Most network cards require some fixed amount of time per message (alpha, fairly large), plus some amount of time per byte of the message (beta, typically much smaller):
tnet = a + b * L;

Where
• tnet: network time.  The total time, in seconds, spent on the network.
• a: network latency.  The time, in seconds, to send a zero-length message.  For TCP running on gigabit Ethernet, this is something like 50us/message, which is absurd (it's the time from the CPU to the northbridge to the PCI controller to the network card to the network to the switch to the other network card to the CPU interrupt controller through the OS and finally to the application).  Fancier, more expensive networks such as Myrinet or Infiniband have latencies as low as 5us/message (in 2005; Wikipedia now claims 1.3us/message).  Opening a new TCP connection might take hundreds of milliseconds(!), especially if you need to resolve the DNS name.  Network latency is often written as alpha or α.
• b: 1/(network bandwidth).  The time, in seconds, to send each byte of the message.  For 100MB/s gigabit ethernet (1000Mb/s is megabits), this is 10ns/byte.  For 4x Infiniband, which sends 1000MB/s, this is 1ns/byte.  (Network 1/bandwidth is often written as beta or β).
• L: number of bytes in message.
The bottom line is that shorter messages are always faster.  *But* due to the per-message overhead, they may not be *appreciably* faster.  For example, for Ethernet a zero-length message takes 50us.  A 100-byte message takes 51us (50us/message+100*10ns/byte).  So you might as well send 100 bytes if you're going to bother sending anything!
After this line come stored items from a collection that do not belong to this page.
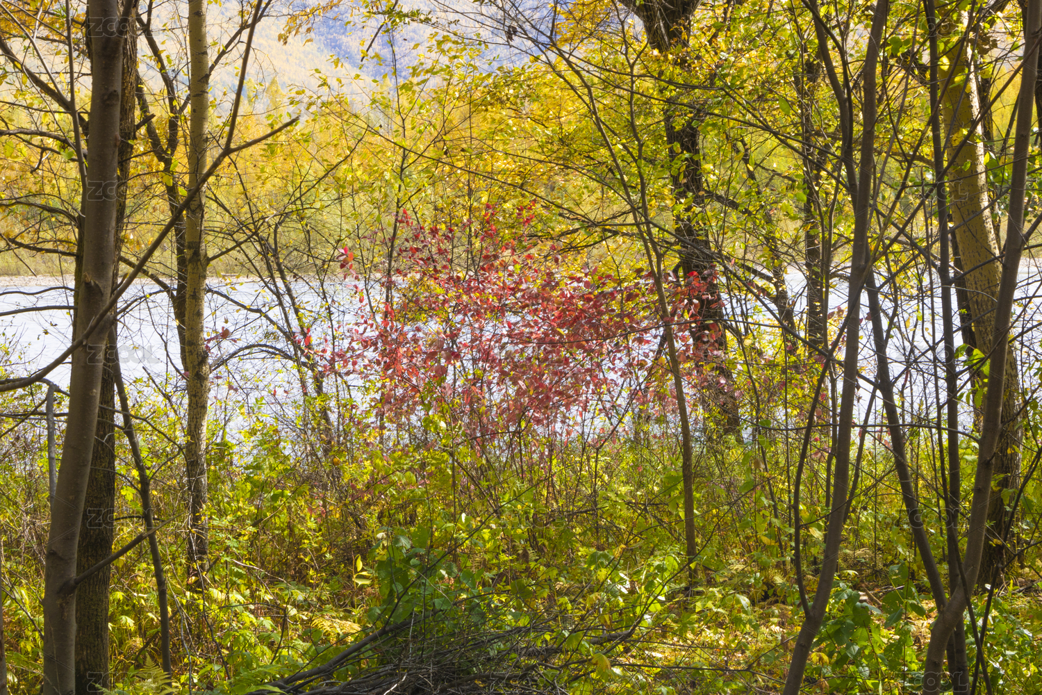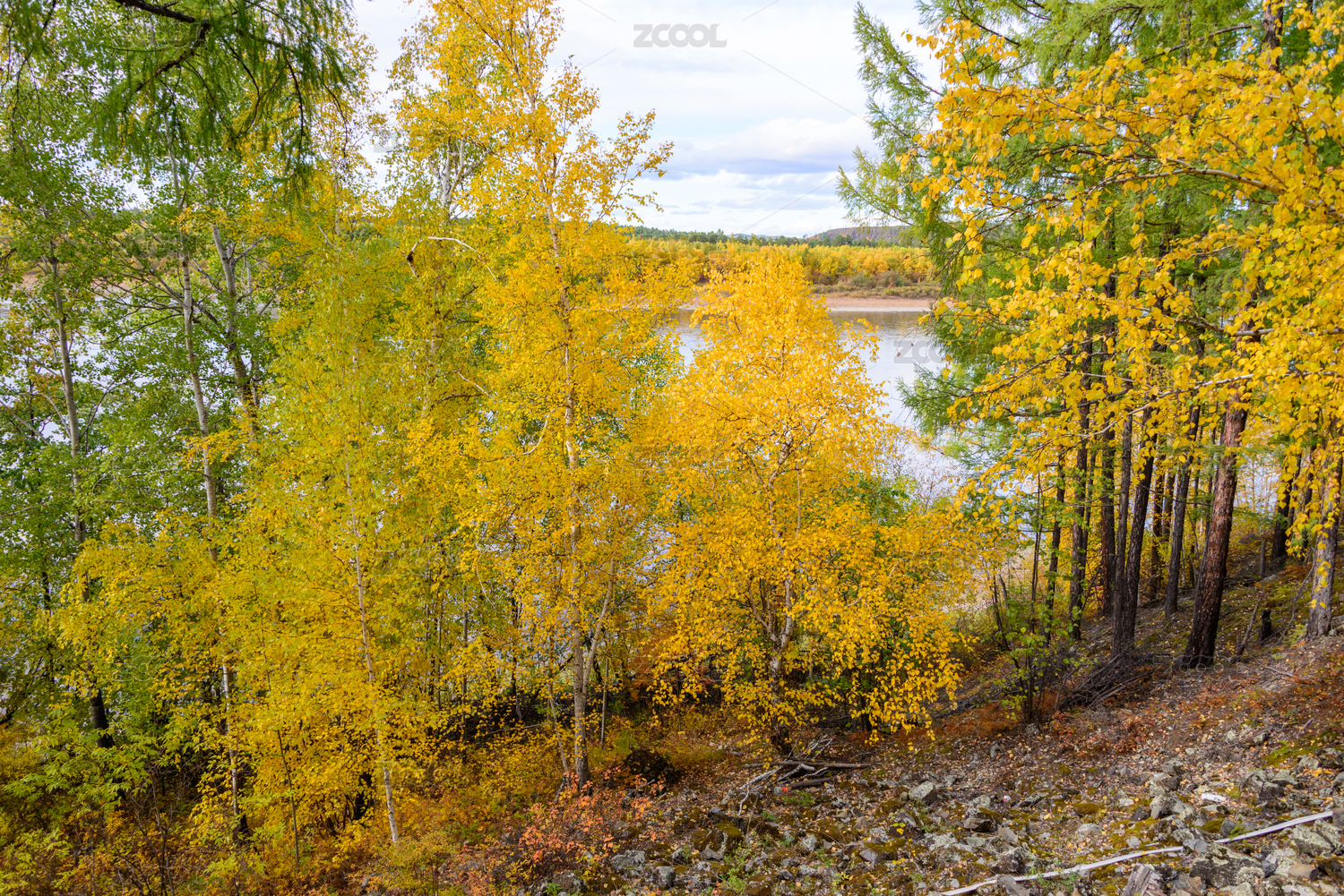 树,彩色,叶子,红叶,霜叶,倒,曲线,中国,大兴安岭,河边
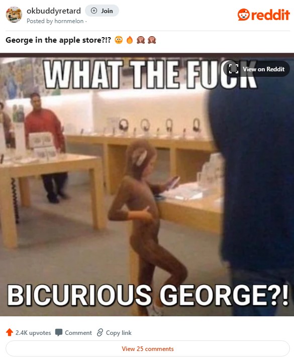 The meme was revived when the little monkey boy was photoshopped out of his Apple Store surroundings. He was inserted into GameStop, spelled “ganestop” in the meme.
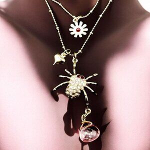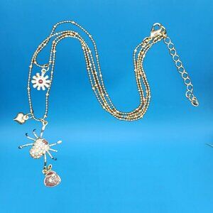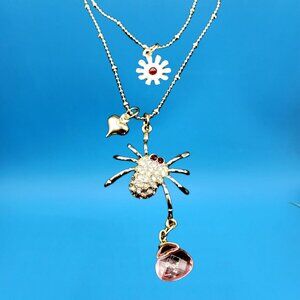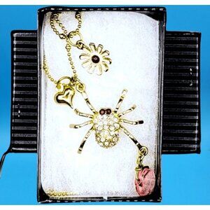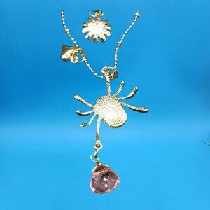 Gold Spider Pendant Necklace w/ Pink Crystal Heart & Flower Charms Gothic Boxed
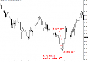 Yang kedua, signal reversal yang valid bisa anda lihat hanya melalui sumbu / ekor panjang dari pin bar tanpa harus melihat faktor pendukung  support ataupun resistance. Anda hanya perlu melihat konfirmasi price action setup yang terbentuk pada hari berikutnya. Seperti pada grafik USDJPY dibawah ini. Dimana pin bar dengan sumbu terpanjang belum membentuk kosilidasi market yang tuntas. Dihari hari berikutnya baru terlihat level tertinggi inside bar telah terlampaui oleh formasi candlestick disampingnya, yang mengisyaratkan harga akan cendrung bergerak naik. Anda bisa melakukan entry setelah formasi bar tersebut selesai terbentuk.
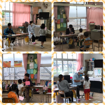 来年度、入学してくる子どたちの健診がありました。いささか緊張気味の子どもたちでした。
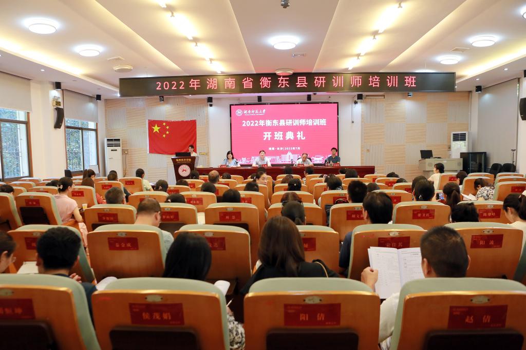 7月27日,2022年湖南省衡东县研训师培训班在公司301报告厅举行隆重的开班典礼。衡东县教育局教师工作股股长吴镇硅、衡东县进修公司副董事长肖志泉、公司副经理王磊以及来自衡东县研训师团队的70名优秀教师出席了典礼,典礼由公司培训中心向思煜主持。

In general, you'll hit 50% of the network's achievable bandwidth when sending messages so
a = b * L
or
L = a / b
For Ethernet, this breakeven point is at L = 5000 bytes/message, which is amazingly long!  Shorter messages are "alpha dominated", which means you're waiting for the network latency (speed of light, acknowledgements, OS overhead).  Longer messages are "beta dominated", which means you're waiting for the network bandwidth (signalling rate).  Smaller messages don't help much if you're alpha dominated!

The large per-message cost of most networks means many applications cannot get good performance with an "obvious" parallel strategy, like sending individual floats when they're needed.  Instead, you have to figure out beforehand what data needs to be sent, and send everything at once.

The same alpha-beta performance model applies to GPU kernels (alpha is the kernel startup time, 5 to 10 us; beta is the time per instruction in the kernel, typically 0.01ns or less), OpenMP threads (alpha is the time to create the threads, 10us or so; beta is the time per iteration, typically a few ns), and many other hardware accesses.